虽然凭心而论,谁家里没点见不得人的阴私,他们中许多人也没少干和姚建国一样的事,甚至干得更过分的,但那都是藏起来的脏事,谁也不敢放到台面上来讲,更何况姚家父子是出了名的导演之家,两代导演风格传承,父慈子孝,佳作频出,是电影圈的一段佳话。
可现在佳话变成假话,孝子变成白眼狼。
“大家别听姚雪澄胡编乱造!”邰皓突然站起来,指着姚雪澄骂道,“外公生病的时候,这家伙却早早跑到洛杉矶,玩得昏天暗地,乐不思蜀,让我给撞见了!他根本不可能知道当年舅舅照顾外公有多辛苦……”
姚雪澄眉头微蹙,如果不是话赶话说到这,他一点也不想和邰皓对话,也不想时隔多年还要揭开这段痛心的过往,让爷爷奶奶都不得安宁。
当年他拿着爷爷奶奶给的赞助,满心欢喜去洛杉矶朝圣,得到爷爷病重的消息已经晚了,回到国内没能见上爷爷最后一面,是他此生最大的遗憾,邰皓他怎么敢拿这件事来给他造谣!
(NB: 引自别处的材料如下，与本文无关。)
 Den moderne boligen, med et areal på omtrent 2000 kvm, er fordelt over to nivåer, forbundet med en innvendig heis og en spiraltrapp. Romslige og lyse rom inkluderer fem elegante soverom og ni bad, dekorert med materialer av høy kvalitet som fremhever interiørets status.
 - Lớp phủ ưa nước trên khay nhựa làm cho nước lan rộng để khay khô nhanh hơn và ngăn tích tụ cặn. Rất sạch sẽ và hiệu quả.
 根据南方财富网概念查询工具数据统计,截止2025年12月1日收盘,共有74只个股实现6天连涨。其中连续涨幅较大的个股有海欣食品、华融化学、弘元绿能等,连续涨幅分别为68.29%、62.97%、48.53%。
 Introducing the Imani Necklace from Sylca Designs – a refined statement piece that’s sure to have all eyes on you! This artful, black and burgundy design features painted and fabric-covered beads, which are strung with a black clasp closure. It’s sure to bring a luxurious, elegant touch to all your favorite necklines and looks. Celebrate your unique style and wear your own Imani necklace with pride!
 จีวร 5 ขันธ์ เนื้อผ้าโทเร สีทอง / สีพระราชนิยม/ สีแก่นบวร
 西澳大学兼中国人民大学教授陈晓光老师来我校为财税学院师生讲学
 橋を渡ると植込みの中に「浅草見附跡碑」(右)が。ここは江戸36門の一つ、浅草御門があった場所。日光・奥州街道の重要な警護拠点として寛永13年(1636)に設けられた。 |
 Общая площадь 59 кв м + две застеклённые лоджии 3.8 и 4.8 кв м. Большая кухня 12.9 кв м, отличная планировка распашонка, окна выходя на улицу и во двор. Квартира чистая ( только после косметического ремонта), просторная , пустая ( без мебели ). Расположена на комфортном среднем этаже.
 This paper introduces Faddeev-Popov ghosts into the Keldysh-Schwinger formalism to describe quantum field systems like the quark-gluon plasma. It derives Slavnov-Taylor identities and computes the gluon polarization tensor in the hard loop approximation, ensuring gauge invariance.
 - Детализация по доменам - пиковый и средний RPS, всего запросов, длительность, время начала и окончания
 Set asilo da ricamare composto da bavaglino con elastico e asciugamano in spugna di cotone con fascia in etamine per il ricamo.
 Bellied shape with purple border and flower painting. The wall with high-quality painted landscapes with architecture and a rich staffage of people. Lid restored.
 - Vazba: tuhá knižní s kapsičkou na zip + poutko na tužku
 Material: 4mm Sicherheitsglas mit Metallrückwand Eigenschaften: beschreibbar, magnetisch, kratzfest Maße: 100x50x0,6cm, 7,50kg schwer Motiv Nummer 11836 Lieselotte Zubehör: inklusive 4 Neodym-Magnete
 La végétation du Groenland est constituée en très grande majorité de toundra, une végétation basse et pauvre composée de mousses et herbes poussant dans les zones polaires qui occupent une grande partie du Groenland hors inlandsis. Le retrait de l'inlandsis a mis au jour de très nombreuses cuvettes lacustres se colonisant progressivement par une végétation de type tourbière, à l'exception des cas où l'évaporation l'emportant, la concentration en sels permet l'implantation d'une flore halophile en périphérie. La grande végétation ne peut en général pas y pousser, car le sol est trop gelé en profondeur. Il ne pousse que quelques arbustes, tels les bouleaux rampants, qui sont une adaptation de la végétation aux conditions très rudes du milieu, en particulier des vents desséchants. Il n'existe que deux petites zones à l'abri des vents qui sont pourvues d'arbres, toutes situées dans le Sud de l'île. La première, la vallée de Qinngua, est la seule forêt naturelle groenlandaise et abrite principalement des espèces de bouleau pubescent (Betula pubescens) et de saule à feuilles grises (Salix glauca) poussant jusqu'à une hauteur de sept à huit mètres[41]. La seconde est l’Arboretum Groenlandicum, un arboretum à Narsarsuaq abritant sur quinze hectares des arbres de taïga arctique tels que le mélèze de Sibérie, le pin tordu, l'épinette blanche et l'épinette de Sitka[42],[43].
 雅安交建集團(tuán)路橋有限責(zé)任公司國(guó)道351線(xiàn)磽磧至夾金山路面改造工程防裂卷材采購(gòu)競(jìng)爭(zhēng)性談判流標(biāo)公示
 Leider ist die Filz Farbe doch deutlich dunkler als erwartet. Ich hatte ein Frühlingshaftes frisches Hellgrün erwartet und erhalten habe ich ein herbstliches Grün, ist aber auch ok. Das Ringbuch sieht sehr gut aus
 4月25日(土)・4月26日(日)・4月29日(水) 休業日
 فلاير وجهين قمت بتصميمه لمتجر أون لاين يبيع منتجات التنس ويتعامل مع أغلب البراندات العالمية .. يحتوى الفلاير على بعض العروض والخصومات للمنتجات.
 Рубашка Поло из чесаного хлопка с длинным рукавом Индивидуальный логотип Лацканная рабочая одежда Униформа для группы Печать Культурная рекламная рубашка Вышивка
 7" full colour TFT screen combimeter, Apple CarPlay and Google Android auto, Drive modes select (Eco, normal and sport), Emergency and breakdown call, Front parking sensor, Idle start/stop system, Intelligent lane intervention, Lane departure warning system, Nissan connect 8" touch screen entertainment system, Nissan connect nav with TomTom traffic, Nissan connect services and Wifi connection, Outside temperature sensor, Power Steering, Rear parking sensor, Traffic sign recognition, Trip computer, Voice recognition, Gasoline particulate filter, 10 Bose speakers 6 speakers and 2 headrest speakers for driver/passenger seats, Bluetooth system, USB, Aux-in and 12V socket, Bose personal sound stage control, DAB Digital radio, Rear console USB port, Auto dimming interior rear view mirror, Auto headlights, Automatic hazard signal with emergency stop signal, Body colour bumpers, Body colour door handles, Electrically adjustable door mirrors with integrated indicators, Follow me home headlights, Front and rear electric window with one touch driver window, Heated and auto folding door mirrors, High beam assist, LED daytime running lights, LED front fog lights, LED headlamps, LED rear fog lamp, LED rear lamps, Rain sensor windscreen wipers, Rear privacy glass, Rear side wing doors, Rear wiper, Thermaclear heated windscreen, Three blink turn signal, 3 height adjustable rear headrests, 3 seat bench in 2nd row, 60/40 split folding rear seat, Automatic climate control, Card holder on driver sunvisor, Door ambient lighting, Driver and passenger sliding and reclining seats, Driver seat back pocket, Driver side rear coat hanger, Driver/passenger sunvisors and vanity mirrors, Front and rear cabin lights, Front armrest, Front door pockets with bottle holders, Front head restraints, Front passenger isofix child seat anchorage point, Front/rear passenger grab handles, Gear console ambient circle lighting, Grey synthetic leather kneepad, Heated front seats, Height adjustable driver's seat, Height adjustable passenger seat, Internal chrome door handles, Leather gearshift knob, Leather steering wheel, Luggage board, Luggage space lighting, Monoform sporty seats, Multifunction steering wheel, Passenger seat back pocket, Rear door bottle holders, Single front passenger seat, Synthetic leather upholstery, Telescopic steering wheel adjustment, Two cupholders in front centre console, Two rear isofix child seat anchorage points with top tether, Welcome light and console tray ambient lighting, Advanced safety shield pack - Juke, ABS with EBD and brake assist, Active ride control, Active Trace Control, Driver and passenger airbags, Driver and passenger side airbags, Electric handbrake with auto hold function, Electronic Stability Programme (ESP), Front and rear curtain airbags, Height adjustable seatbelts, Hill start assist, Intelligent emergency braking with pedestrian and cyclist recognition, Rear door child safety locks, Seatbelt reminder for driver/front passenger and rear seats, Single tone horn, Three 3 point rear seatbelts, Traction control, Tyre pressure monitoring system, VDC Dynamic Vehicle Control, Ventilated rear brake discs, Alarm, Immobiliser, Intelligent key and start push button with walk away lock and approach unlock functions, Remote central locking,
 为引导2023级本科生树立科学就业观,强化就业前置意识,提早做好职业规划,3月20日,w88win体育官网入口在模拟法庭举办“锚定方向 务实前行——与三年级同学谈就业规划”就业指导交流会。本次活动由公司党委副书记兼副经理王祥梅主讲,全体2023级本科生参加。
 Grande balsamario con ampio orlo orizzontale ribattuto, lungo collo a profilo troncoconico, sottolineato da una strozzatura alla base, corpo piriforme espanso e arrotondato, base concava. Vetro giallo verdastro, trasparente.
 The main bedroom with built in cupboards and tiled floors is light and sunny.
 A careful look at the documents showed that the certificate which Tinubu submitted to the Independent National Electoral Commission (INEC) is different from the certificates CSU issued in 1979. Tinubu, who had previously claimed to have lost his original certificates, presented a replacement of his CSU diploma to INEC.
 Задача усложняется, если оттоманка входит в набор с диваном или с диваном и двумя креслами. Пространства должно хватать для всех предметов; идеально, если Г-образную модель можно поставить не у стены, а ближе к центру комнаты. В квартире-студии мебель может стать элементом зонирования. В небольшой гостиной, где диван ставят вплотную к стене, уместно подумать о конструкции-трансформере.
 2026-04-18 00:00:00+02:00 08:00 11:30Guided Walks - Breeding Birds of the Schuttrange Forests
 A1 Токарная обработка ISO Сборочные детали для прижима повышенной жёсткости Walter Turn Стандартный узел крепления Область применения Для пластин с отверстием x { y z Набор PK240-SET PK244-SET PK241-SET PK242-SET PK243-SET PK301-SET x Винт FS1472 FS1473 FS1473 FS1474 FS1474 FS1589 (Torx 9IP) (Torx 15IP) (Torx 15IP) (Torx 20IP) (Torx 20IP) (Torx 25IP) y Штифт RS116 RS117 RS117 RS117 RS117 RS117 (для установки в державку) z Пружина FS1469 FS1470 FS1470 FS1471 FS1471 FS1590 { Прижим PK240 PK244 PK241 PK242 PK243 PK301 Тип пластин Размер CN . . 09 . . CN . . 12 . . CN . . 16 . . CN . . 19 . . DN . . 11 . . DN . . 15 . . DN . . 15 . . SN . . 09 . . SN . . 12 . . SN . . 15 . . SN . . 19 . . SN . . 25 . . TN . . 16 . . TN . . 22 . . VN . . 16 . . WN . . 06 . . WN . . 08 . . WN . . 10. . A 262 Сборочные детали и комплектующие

“邰皓,”姚雪澄嗓音冷酷,“你真要我把当年你干的好事都说出来?”
“到底谁干的好事,说啊,有种你就说!”
邰皓料定姚雪澄不敢把当年的事抖出来,他们是表兄弟,谁会信他对他有肮脏的心思?他最了解,一个大家族为了表面的美满,可以掩盖多少丑陋,小时候他猥亵姚雪澄的事那么轻而易举揭过,就是最好的例证。
他越想越觉得姚雪澄这种体面人拿自己没辙,哈哈大笑道:“我干什么好事能比得过你养情人假扮男友,来舅舅的婚礼上闹事?”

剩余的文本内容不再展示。